As for life, Buffon thought of species like the creationists do, as permanent fixed kinds. Each species had a kind of internal mould that shaped its form and development. Thus the result of two humans mating will always be a human and two dogs mating will always be dogs.

He had trouble accepting the common ancestry of apes and humans, and gradually came to hypothesize that the internal moulds could become damaged and accumulate errors, so that apes might be thought of as corrupted men. That led to him to hypothesizing (on the model of animal breeding in his time) that an initial set of forms might transform to produce a whole collection of varieties, and interpreted horses, zebras, donkeys etc. as varieties of some ancient paradigmatic equine form.

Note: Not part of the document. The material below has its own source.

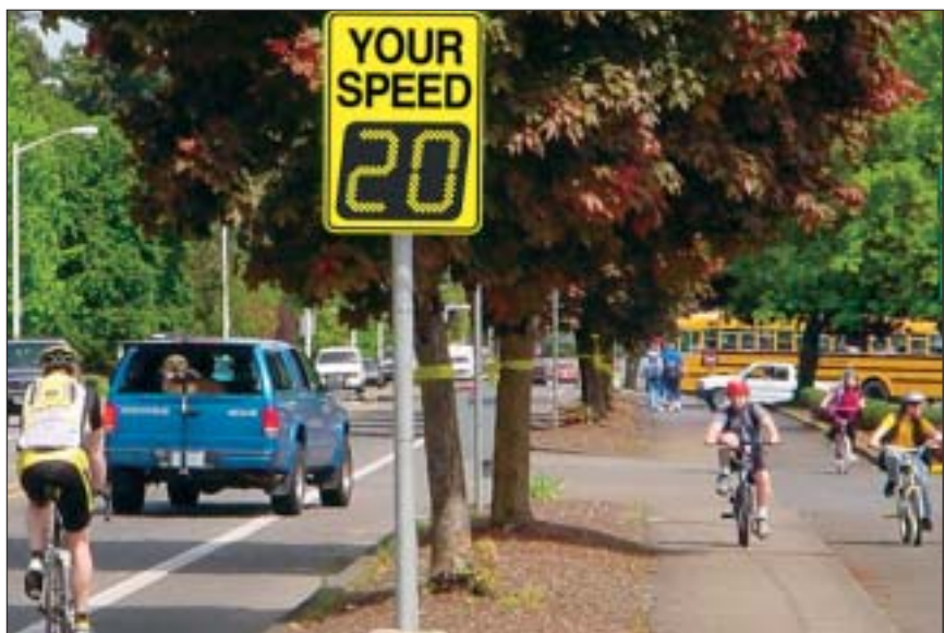
Traffic was almost immediately calmed and safety increased at Tigard High School following the installation of the electronic speed sign.

Tigard's municipal website, its monthly municipal newsletter, and the

Perhaps the biggest difference between Buffon and Darwin and Wallace was that Buffon never seems to have really hit on the generation of new species by natural selection. Of course Darwin and Wallace couldn't really explain how natural selection changed the internal mould that governs fetal development so that new species bred true and produced more of their evolved phenotypic kinds. That explanation required the appearance of molecular genetics and evolutionary developmental biology in the second half of the 20th century.